* DATA FOR THE TASK *
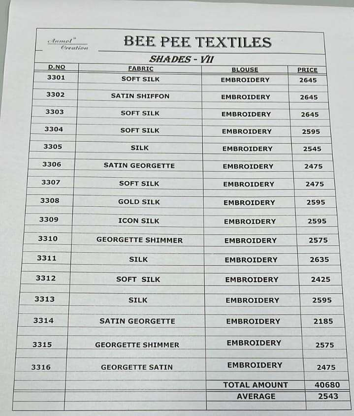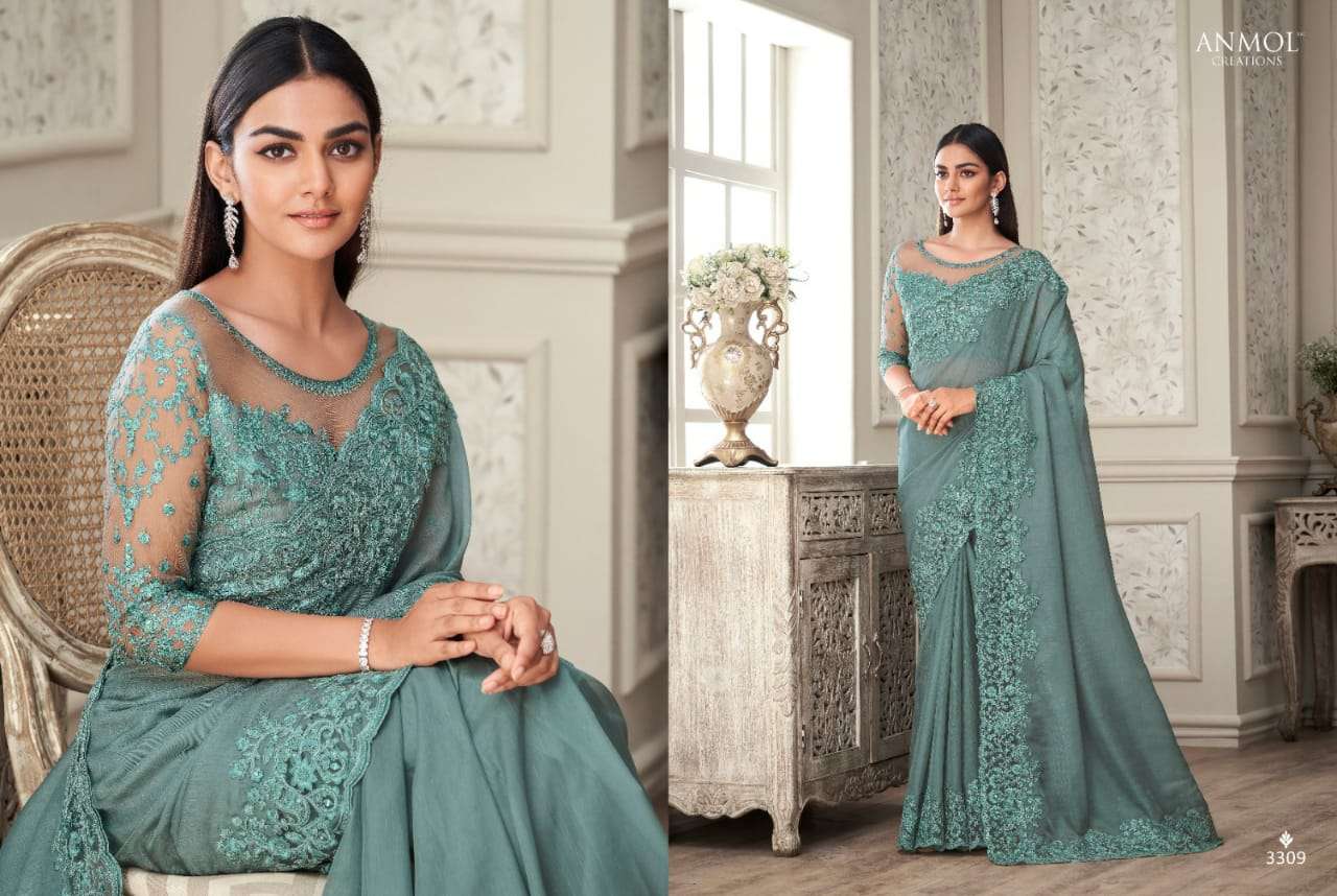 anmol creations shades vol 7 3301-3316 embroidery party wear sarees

...

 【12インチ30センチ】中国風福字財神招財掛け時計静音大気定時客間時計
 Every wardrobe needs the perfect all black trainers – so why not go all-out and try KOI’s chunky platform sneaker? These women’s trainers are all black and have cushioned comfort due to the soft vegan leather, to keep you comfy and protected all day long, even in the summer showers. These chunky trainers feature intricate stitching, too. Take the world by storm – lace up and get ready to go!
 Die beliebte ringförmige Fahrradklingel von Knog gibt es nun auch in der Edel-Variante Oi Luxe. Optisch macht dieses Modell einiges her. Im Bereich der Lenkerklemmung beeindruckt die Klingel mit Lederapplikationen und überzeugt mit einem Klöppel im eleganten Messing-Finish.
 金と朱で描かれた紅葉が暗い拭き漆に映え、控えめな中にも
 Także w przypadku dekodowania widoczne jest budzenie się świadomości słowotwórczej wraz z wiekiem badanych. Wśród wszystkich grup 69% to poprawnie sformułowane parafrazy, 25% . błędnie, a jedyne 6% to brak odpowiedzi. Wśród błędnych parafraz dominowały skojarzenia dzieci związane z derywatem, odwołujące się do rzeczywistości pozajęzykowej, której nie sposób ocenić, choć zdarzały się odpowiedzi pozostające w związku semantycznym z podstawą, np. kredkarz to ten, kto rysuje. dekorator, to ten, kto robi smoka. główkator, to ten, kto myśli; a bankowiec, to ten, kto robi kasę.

--

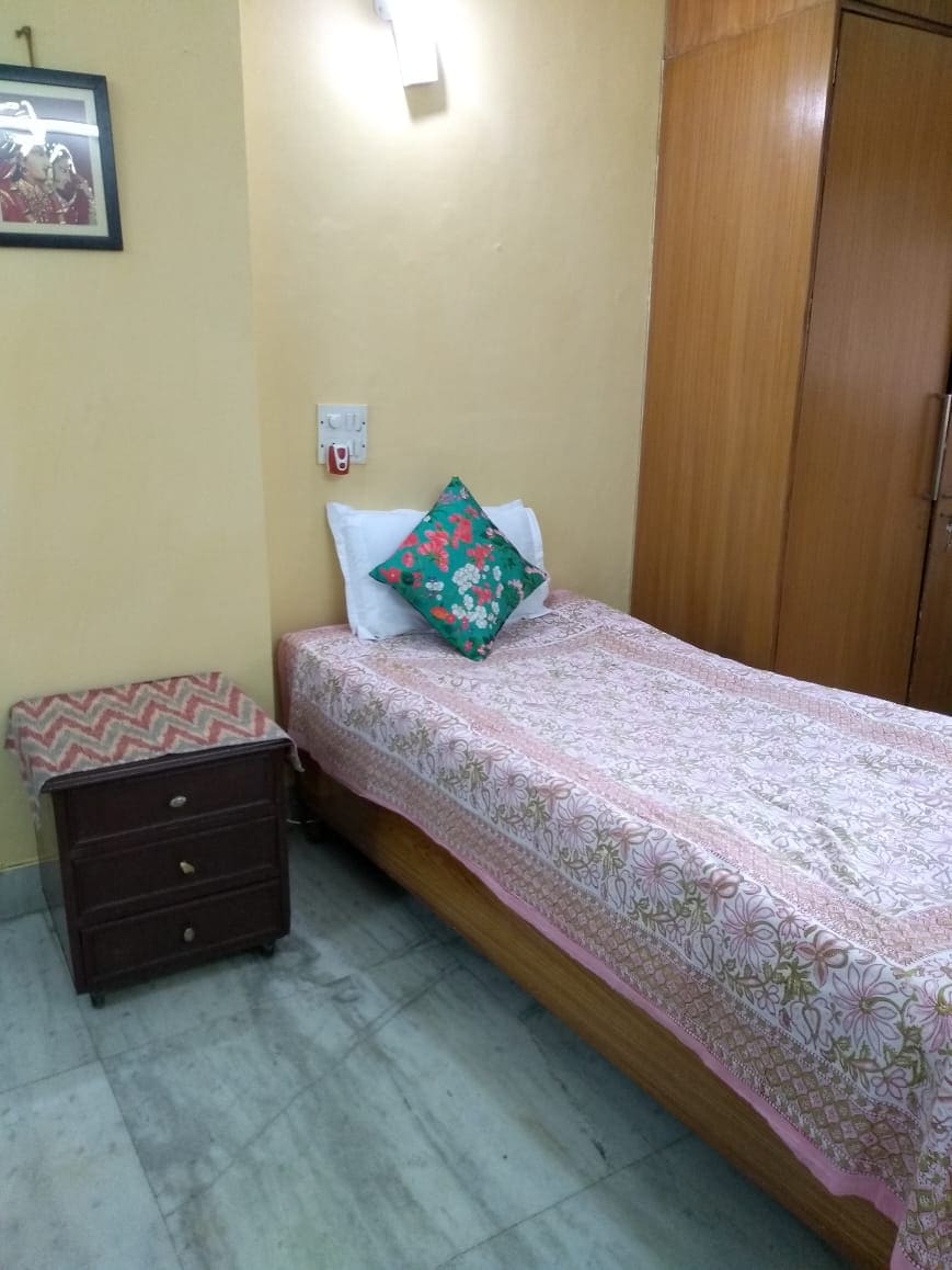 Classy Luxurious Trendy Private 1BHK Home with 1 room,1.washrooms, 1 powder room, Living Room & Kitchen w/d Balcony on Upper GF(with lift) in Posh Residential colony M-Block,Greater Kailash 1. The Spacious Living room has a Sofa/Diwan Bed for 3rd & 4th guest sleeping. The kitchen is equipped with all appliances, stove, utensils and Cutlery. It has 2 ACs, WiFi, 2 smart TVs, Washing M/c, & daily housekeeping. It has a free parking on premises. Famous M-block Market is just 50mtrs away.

* WORK TO COMPLETE *
In the entries above, the lines from the one bearing "Die beliebte ringförmige" up to and including the one bearing "Także w przypadku" should be transcribed exactly; no other line is wanted.

* RESULT OF THE EXERCISE *
 Die beliebte ringförmige Fahrradklingel von Knog gibt es nun auch in der Edel-Variante Oi Luxe. Optisch macht dieses Modell einiges her. Im Bereich der Lenkerklemmung beeindruckt die Klingel mit Lederapplikationen und überzeugt mit einem Klöppel im eleganten Messing-Finish.
 金と朱で描かれた紅葉が暗い拭き漆に映え、控えめな中にも
 Także w przypadku dekodowania widoczne jest budzenie się świadomości słowotwórczej wraz z wiekiem badanych. Wśród wszystkich grup 69% to poprawnie sformułowane parafrazy, 25% . błędnie, a jedyne 6% to brak odpowiedzi. Wśród błędnych parafraz dominowały skojarzenia dzieci związane z derywatem, odwołujące się do rzeczywistości pozajęzykowej, której nie sposób ocenić, choć zdarzały się odpowiedzi pozostające w związku semantycznym z podstawą, np. kredkarz to ten, kto rysuje. dekorator, to ten, kto robi smoka. główkator, to ten, kto myśli; a bankowiec, to ten, kto robi kasę.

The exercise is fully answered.